When manufacturing jobs are lost, so are support jobs, including truck lines, maintenance and warehousing. “The impact of a manufacturing job is much greater than jobs in other industries,” Patridge says.
For a decade, the manufacturing industry’s boom-and-bust story has been mythologized in the Rust Belt, where unemployment has recently spiked. That narrative, with Detroit at its epicenter, has been woven into reportage on the financial crisis. In those stories, what’s being lost is the stuff of legend: American automobiles, steelworkers, a hard-working and fairly compensated middle-class lifestyle.
The Rio Grande Valley is far from the heart of American labor mythology. Take Cameron Park, the unincorporated colonia attached to Brownsville, about five miles from the U.S.-Mexico border. In 2000, the U.S. Census Bureau found it the poorest community in the United States, with a per capita income less than $5,000. It’s also home to a number of former factory workers, including some who worked alongside Torres. Others have worked for auto parts manufacturers like Trico Products Corp., a windshield-wiper producer that employs 600 people in Brownsville.
Before the current economic crisis, area leaders hoped to add hundreds of jobs by trying to bring automobile manufacturers to the Valley. One such program, the North American Advanced Manufacturing Research and Education Initiative, set the goal of adding 8,000 manufacturing jobs to the region by 2017. But with the economic crisis disproportionately affecting the manufacturing industry, the plan now appears far-fetched.
If the region’s factories continue to close-as plastics manufacturer Progressive Moulded Products Inc. and brassiere-maker Vanity Fair Brands LP did last year-a growing class of unemployed workers could emerge. Even before the current crisis hit, Torres had discovered that the Valley’s economy was unable to accommodate workers looking to transition between industries. Now that the crisis is touching South Texas, life beyond the factory could be particularly trying.

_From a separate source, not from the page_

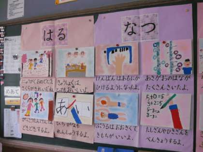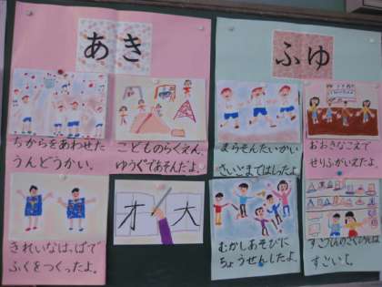 新1年生のために,四季の行事を描いていた1年生ですが,やっと完成をしました。今の1年生の気持ちが絵にこもっていて,温かい気持ちになります。

As the Valley looks to rebound, its location on the border will no doubt play a critical role. Nearly all the Valley’s economic leaders point to the region’s proximity to Mexico-and cheap Mexican labor-as a potentially saving grace. But lately, some companies have been reluctant to construct twin plants on both sides of the border, despite the economic advantages. “We try to recruit companies, but all they hear is how violent it is on the border,” says McAllen Mayor Richard Cortez. “It’s caused some companies to reconsider relocating here.” Cortez says that though drug-related violence has not spilled over to McAllen, the perception of instability has hurt the region’s economic prospects.
Alongside an increase in violence, Mexico is combating a rapidly declining currency. In the last six months, the Mexican peso has depreciated more than 30 percent against the dollar, a decline that has resonated across the border. Mexican consumers account for 25 percent to 35 percent of the Valley’s retail activity-about $2.3 billion a year in El Paso, Laredo, Brownsville and McAllen, according to a 2006 study by the Federal Reserve Bank of Dallas. If the downturn continues in Mexico, those cash injections may become unreliable.
Still, optimism is prevalent. Forbes ranked McAllen as the country’s best midsized city for jobs in 2009. Forbes didn’t mention that 37.5 percent of the metropolitan area’s residents live below the poverty line. Most of those residents, like Elizabeth Torres, don’t have the credentials to qualify for available jobs with the government or the school district. Ten years ago, in the factory that has since become a county office, there was an alternative. Now, Torres is not so sure.
Kevin Sieff is a reporter in Brownsville.